= Nuns on the Bus =

American Catholic advocacy group

Nuns on the Bus is a Catholic advocacy group in the United States.
Their name comes from the fact that they tour the country on a bus.

Led by Sister Simone Campbell, they place emphasis on the Church's long-standing commitment to social justice. In different years, the nuns have tackled different themes. In 2012, the nuns aimed to draw attention to nuns' work with the poor and to protest planned aid cuts. In 2013, the theme was immigration reform. The nuns' journeys are sponsored by NETWORK.

==Doctrine==
The Nuns on the Bus were at one time criticized by the Vatican under Benedict XVI's leadership for having "serious doctrinal problems" and "radical feminist themes incompatible with the Catholic faith." When American religious sisters were under investigation by the Vatican, the International Union of Superiors General, in contrast, issued a strong statement of support for U.S. women religious congregations. The IUSG praised American women religious for living up to the directives and spirit of the Second Vatican Council. Unlike U.S. bishops at that time, the Nuns on the Bus group was supportive of national health care legislation known as Obamacare. Simone Campbell was one of the American nuns targeted by then Pope Benedict XVI in 2012 through his controversial investigation of the Leadership Conference of Women Religious. The Vatican investigators accused the American nuns of insufficient adherence to traditional doctrines. However, Pope Francis ended the investigation in 2015 and reconciled with the American nuns.

==Creation of tour==
The bus tour was created as a response to "a blistering critique of American nuns" initiated by the Vatican under Pope Benedict XVI. The critique accused the nuns of being more outspoken on issues of social justice, than on issues that the church hierarchy of the time viewed as more important: abortion and same-sex marriage. In a program the New York Times called a "spirited retort to the Vatican" the nuns organized a bus trip across nine states, visiting homeless shelters, pantries, education and health care facilities run by nuns. The purpose was to give visibility to the nuns' efforts on behalf of the poor and disenfranchised.

==2012 tours==
The nuns undertook several tours in 2012, an election year in the United States, educating followers on issues of social justice. The first bus carried only 12 nuns to make room for a sound system, signs and a podium, and many would-be riders had to be turned away for lack of space.

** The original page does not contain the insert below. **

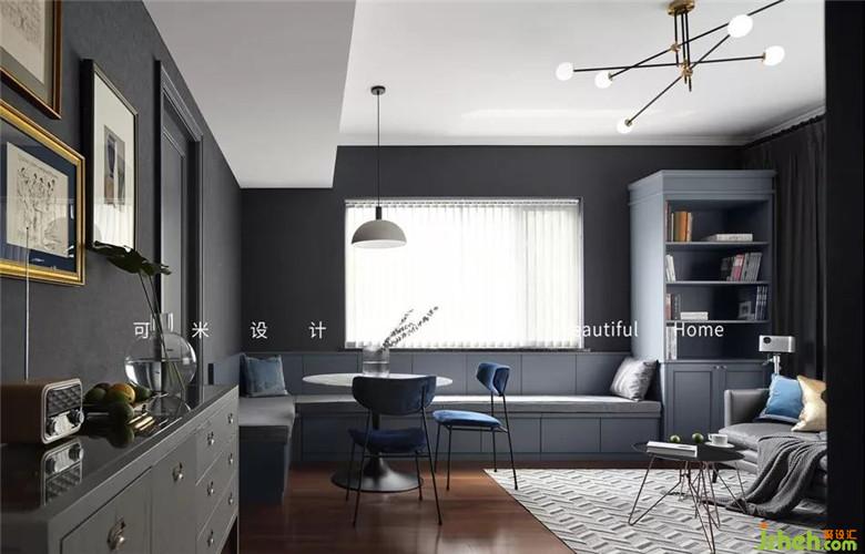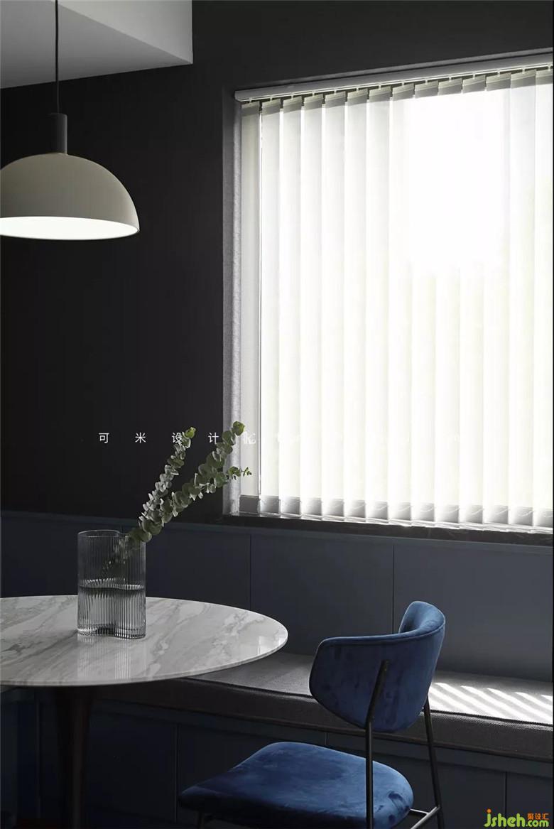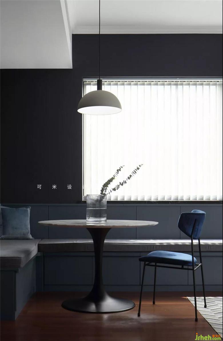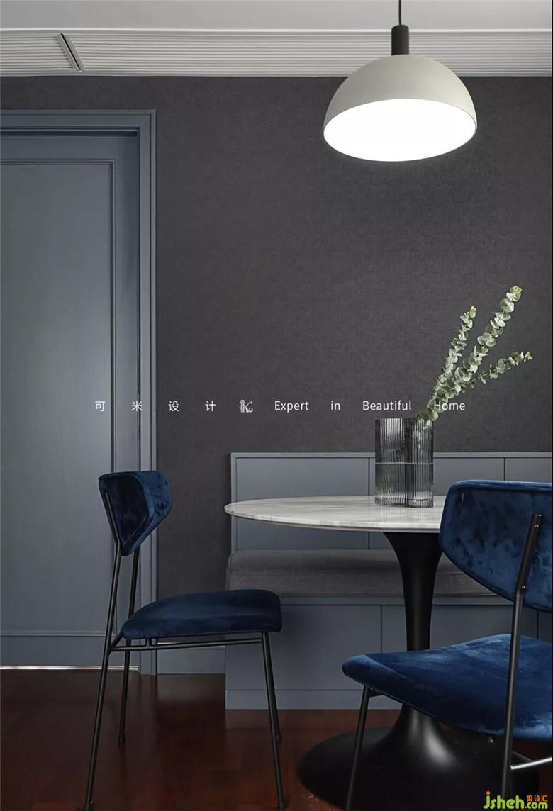 餐椅挑選了高級的寶藍色,顏值高,坐墊是絲絨的,既有舒適性又有設計感。墻面都是貼的深灰色墻布,門和屋內(nèi)柜體的顏色定制的都是灰色,保證了整屋色調(diào)的統(tǒng)一,搭配在一起使整屋充滿高級和時髦感。
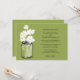 Perfect for a country style wedding or maybe you just love Mason Jars! Old vintage Mason Jar filled with white daisies against a Blooming Spring Green background. If you have any questions on this design or want a colour change please email me paula@labellarue.com Also check for the RSVP, RECEPTION and GUEST SEATING Cards to match!

It was decided that the group on board would be rotated to include Sisters of Charity of the Blessed Virgin Mary, the Daughters of Charity and the Sisters of Social Service.

===First tour===
The bus tour began on June 18, 2012, in Iowa and ended on July 2 in Washington D.C. It covered 2700 miles and nine states. The tour planned to stop at homeless shelters, food pantries, schools and health care facilities run by nuns to highlight their work with the nation's poor and disenfranchised" and "to protest cuts in programs for the poor and working families in the federal budget that was passed by the House of Representatives and proposed by Representative Paul D. Ryan, a Wisconsin Republican who cited his Catholic faith to justify the cuts".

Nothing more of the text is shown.